_TASK TO COMPLETE_:
Copy every record word for word. The images stay behind.
------ GIVEN INFORMATION
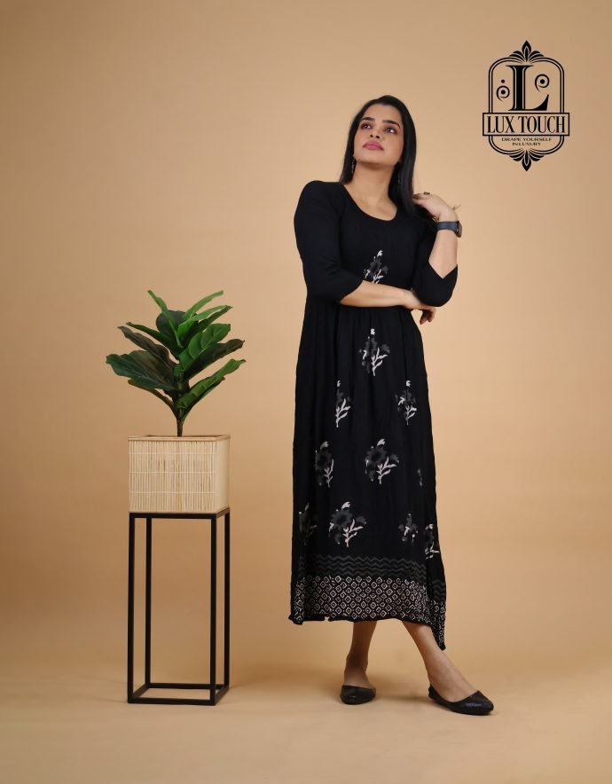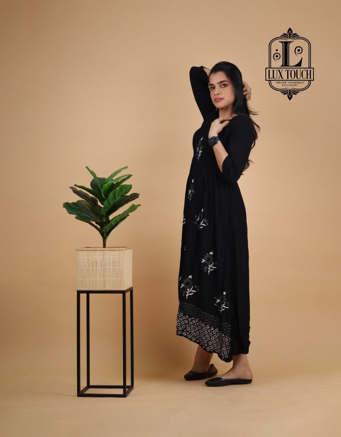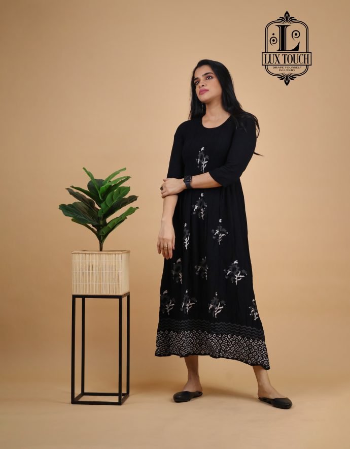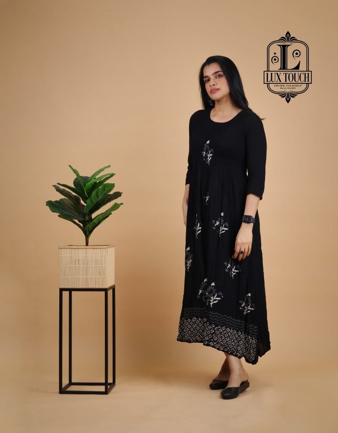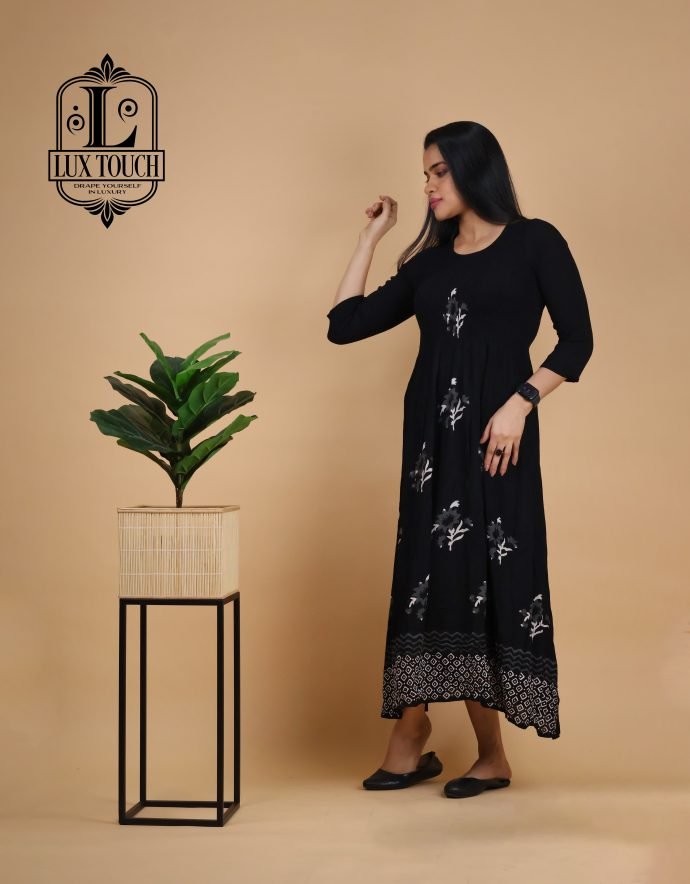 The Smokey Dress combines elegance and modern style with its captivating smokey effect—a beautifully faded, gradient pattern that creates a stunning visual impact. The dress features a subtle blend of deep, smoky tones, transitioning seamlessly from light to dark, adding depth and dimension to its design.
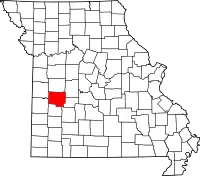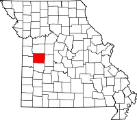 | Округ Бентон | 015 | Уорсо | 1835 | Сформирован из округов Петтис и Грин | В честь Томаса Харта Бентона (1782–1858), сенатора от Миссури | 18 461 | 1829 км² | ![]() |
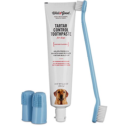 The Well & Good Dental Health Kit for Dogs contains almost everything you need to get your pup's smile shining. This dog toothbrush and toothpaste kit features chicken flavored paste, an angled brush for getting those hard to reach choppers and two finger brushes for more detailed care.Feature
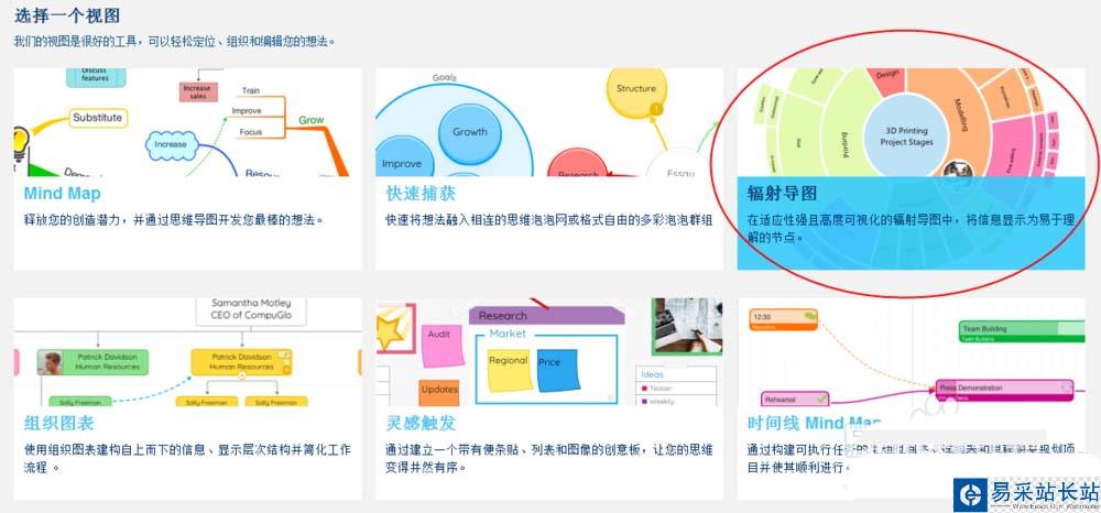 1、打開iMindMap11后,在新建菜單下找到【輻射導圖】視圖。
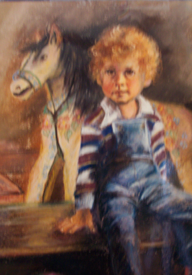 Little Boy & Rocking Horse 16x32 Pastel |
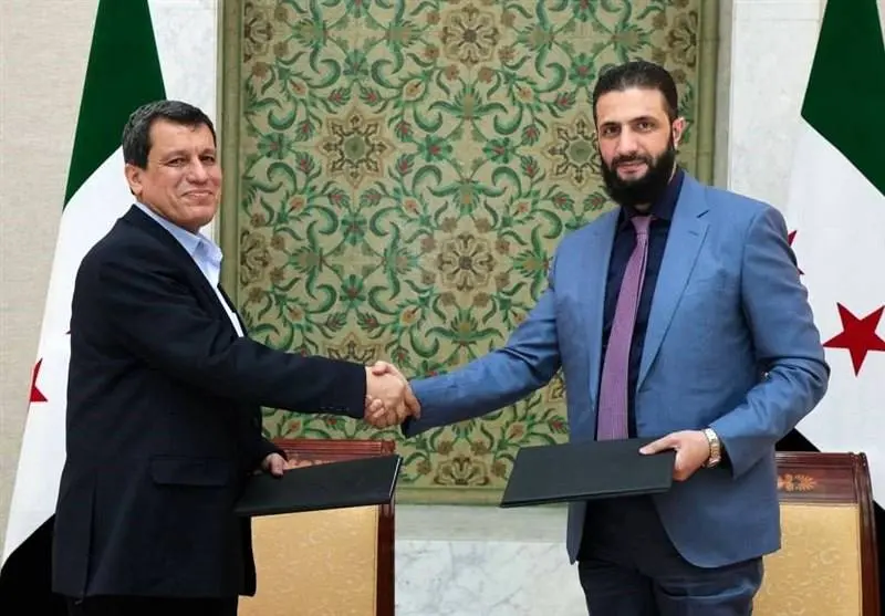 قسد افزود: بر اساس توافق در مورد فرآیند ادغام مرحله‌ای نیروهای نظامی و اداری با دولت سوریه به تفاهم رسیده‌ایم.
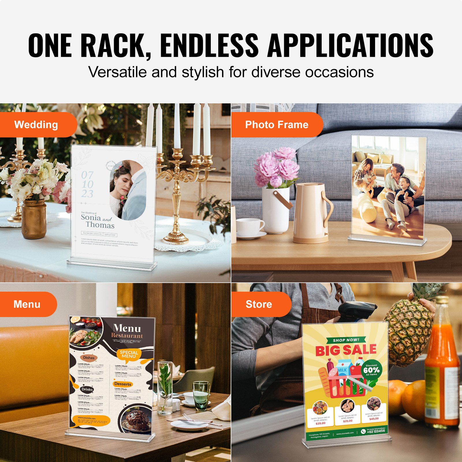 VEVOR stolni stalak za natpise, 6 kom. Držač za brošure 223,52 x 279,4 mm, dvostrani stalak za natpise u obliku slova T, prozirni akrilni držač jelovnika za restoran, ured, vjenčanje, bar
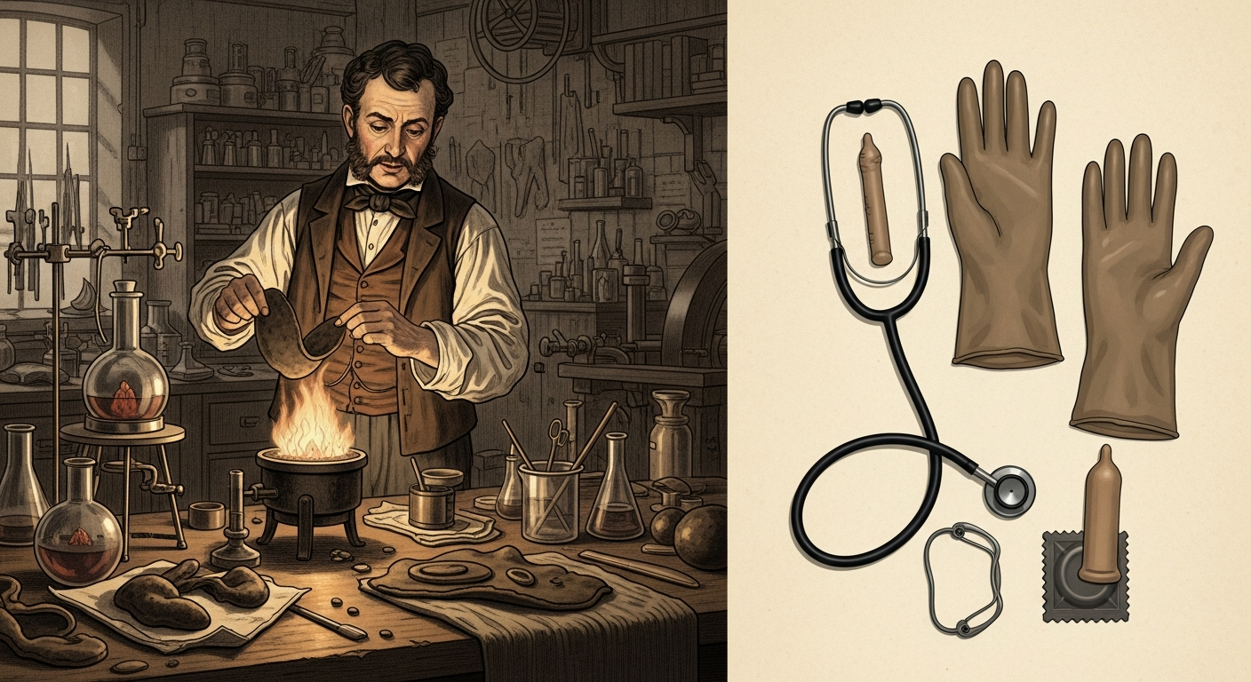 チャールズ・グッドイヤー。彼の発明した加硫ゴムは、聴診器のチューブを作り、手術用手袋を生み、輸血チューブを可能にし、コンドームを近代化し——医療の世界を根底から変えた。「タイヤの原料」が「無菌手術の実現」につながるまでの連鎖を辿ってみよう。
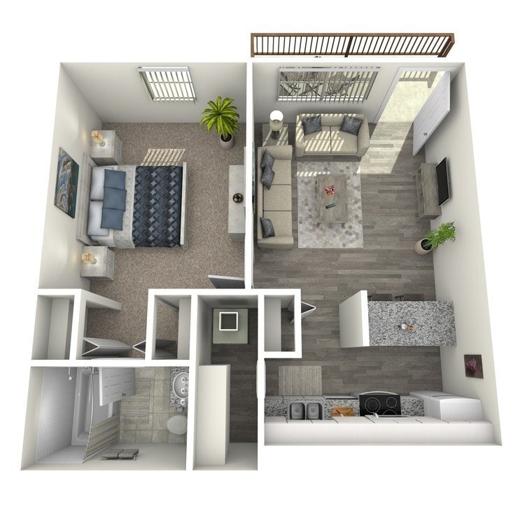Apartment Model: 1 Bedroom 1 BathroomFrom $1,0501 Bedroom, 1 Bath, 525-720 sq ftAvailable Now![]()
------------
_SOLUTION_:
 The Smokey Dress combines elegance and modern style with its captivating smokey effect—a beautifully faded, gradient pattern that creates a stunning visual impact. The dress features a subtle blend of deep, smoky tones, transitioning seamlessly from light to dark, adding depth and dimension to its design.
 | Округ Бентон | 015 | Уорсо | 1835 | Сформирован из округов Петтис и Грин | В честь Томаса Харта Бентона (1782–1858), сенатора от Миссури | 18 461 | 1829 км² | ![]() |
 The Well & Good Dental Health Kit for Dogs contains almost everything you need to get your pup's smile shining. This dog toothbrush and toothpaste kit features chicken flavored paste, an angled brush for getting those hard to reach choppers and two finger brushes for more detailed care.Feature
 1、打開iMindMap11后,在新建菜單下找到【輻射導圖】視圖。
 Little Boy & Rocking Horse 16x32 Pastel |
 قسد افزود: بر اساس توافق در مورد فرآیند ادغام مرحله‌ای نیروهای نظامی و اداری با دولت سوریه به تفاهم رسیده‌ایم.
 VEVOR stolni stalak za natpise, 6 kom. Držač za brošure 223,52 x 279,4 mm, dvostrani stalak za natpise u obliku slova T, prozirni akrilni držač jelovnika za restoran, ured, vjenčanje, bar
 チャールズ・グッドイヤー。彼の発明した加硫ゴムは、聴診器のチューブを作り、手術用手袋を生み、輸血チューブを可能にし、コンドームを近代化し——医療の世界を根底から変えた。「タイヤの原料」が「無菌手術の実現」につながるまでの連鎖を辿ってみよう。
Apartment Model: 1 Bedroom 1 BathroomFrom $1,0501 Bedroom, 1 Bath, 525-720 sq ftAvailable Now![]()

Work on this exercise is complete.